Nunca como ahora se promocionó tanto esta carne en la Argentina. Productores y hasta cocineros salieron a difundir los beneficios de consumir cortes porcinos. Baja grasa intramuscular y alta versatilidad hacen que esta opción deje su mala fama de lado
El chancho está de moda. Tras décadas de mala fama por su aparente aspecto poco saludable, hoy la carne de cerdo goza de una nueva etapa que lo ubica como una de las más recomendables por su versatilidad y sabor. Pero sobre todo, por su bajo contenido de grasa.
Pese a que en la Argentina aún reinan los cortes vacunos y el pollo, el cerdo es la carne más consumida en el mundo. Pero ahora una campaña local que involucra a productores y cocineros intenta posicionarla en el mercado al resaltar sus virtudes.
Con avisos en la vía pública y hasta en los vagones del subte porteño, sumado a la Primera Guía de Gastronomía Porcina que acaban de editar Cabaña Argentina y el IAG, el plan para seducir comensales ya se largó y parece que la movida va por buen camino.
Diciembre, el mes de las fiestas, es casi una invitación a consumir cerdo. Los múltiples cortes que permite este animal hacen posible infinidad de recetas: desde el pechito a la parrilla hasta la bondiola especiada, el chancho argentino es hoy tan prometedor que hasta se lo puede preparar como las tradicionales milanesas caseras.
Según los datos que arroja un análisis de sus fibras, a su alto valor proteico se le deben agregar una buena cantidad de vitaminas B y E, hierro, zinc y ácidos grasos esenciales para el organismo. Es decir que al contrario de lo que muchos suponen, el cerdo es más sano que muchos cortes vacunos.

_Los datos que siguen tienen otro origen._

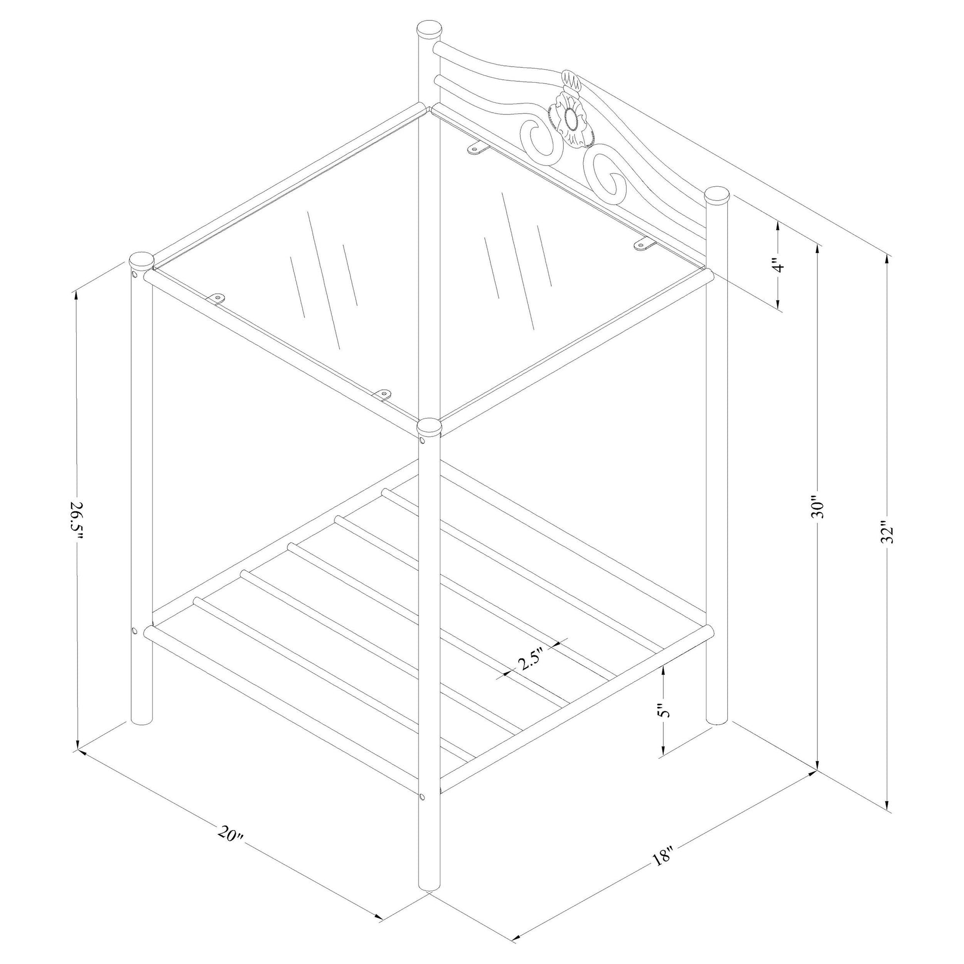 - Two open shelves for easy storage and display

Sin ir más lejos, el carré tiene las mismas calorías que la pechuga de pollo, la presa más magra. Y eso no es todo: junto con el solomillo, esta pieza se caracteriza por tener poca cantidad de grasa intramuscular. El 70% del tejido adiposo de los porcinos está debajo de su piel y no entre sus fibras.

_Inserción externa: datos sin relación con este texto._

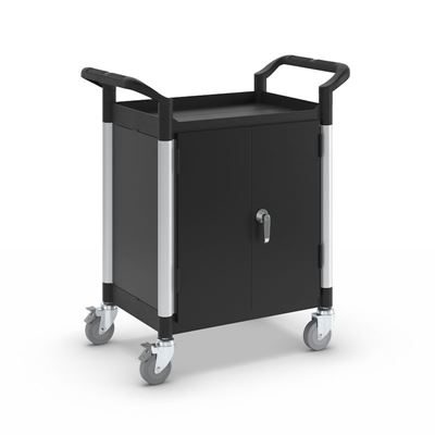 Rullvagn Pelle, med 2 sidoväggar, 1 bakvägg, pardörrar, 2 hyllplan, LxBxH 850 x 480 x 950 mm. Hyllplan och skjutbyglar av plast. Förstärkta förbindelserör av aluminium. Stabila väggar av metall.

Con estas cualidades el consumidor ya no lo queda más opción que probarlo. Pero para eso debe saber elegirlo. Lo ideal es que presente un color rosado, con la grasa blanca y firme y una textura fina. El cerdo no despide olor fuerte, por lo cual es clave tener en cuenta su aspecto antes de pasar por la caja.

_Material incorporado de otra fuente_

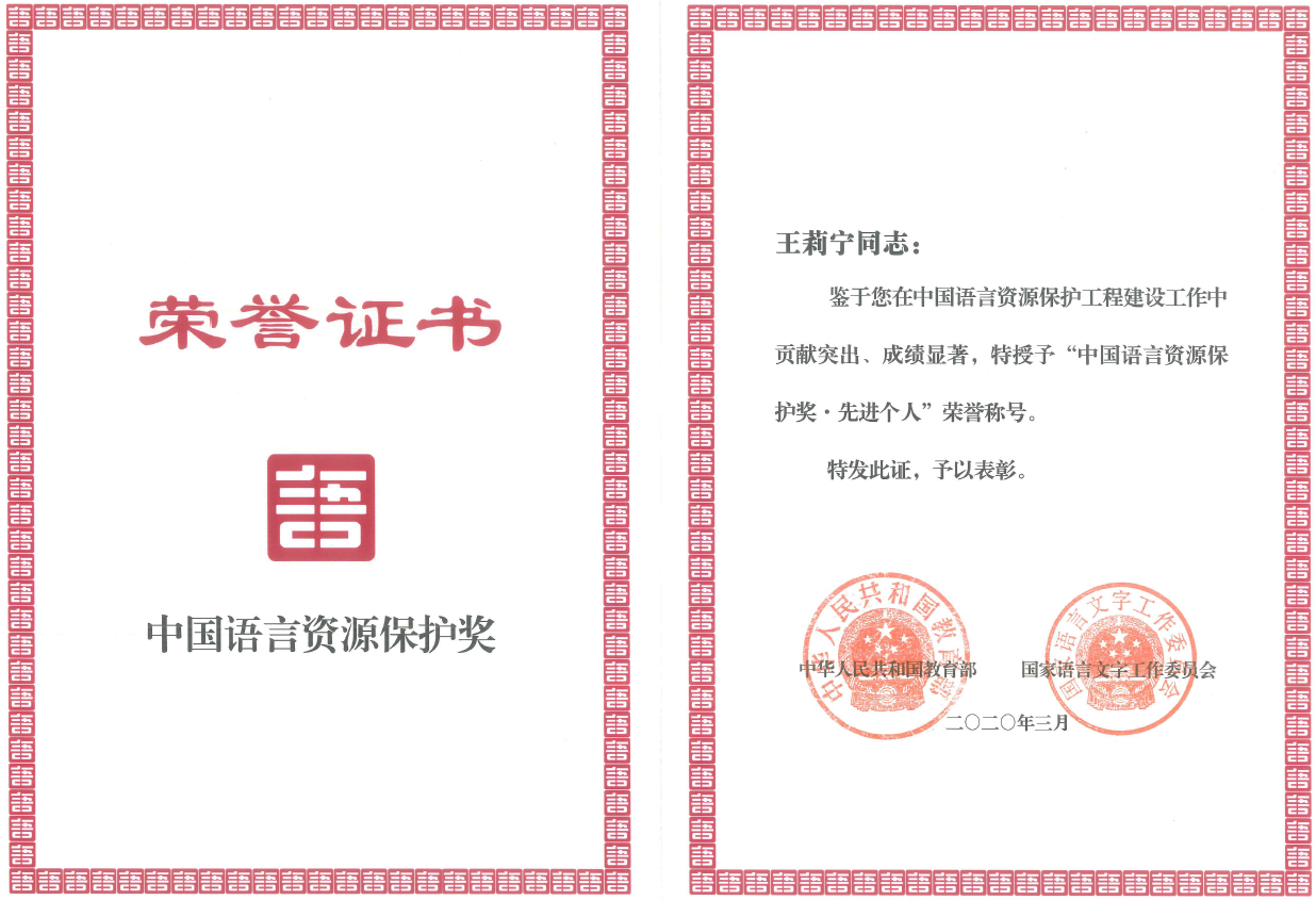 · 王莉宁研究员荣获“中国语言资源保护奖 · 先进个人”称号

Ahora el asunto pasa por cómo cocinarlo. Y aquí van las opciones de acuerdo con el corte y las variantes. El carré, uno de los más difundidos, queda bien al horno mechado con ciruelas y panceta, con guarnición de manzanas. El cerdo es la carne que mejor combina con frutas y dulces.
Las piezas parrilleras por excelencia son el pechito, el matambrito, la manta y el costillar. Aunque también admiten cocciones horneadas. Y otros cortes como la bondiola, el churrasquito y la paleta son candidatos al guisado, por su textura menos uniforme.
Sin dudas el cuarto trasero o jamón es la pieza más famosa y comercializada, ya que se puede consumir crudo, cocido y hasta braseado. Pero otros segmentos del cuerpo porcino también son tradicionales de recetas criollas, como las manitos en el locro, que aportan gusto al clásico plato de la Independencia.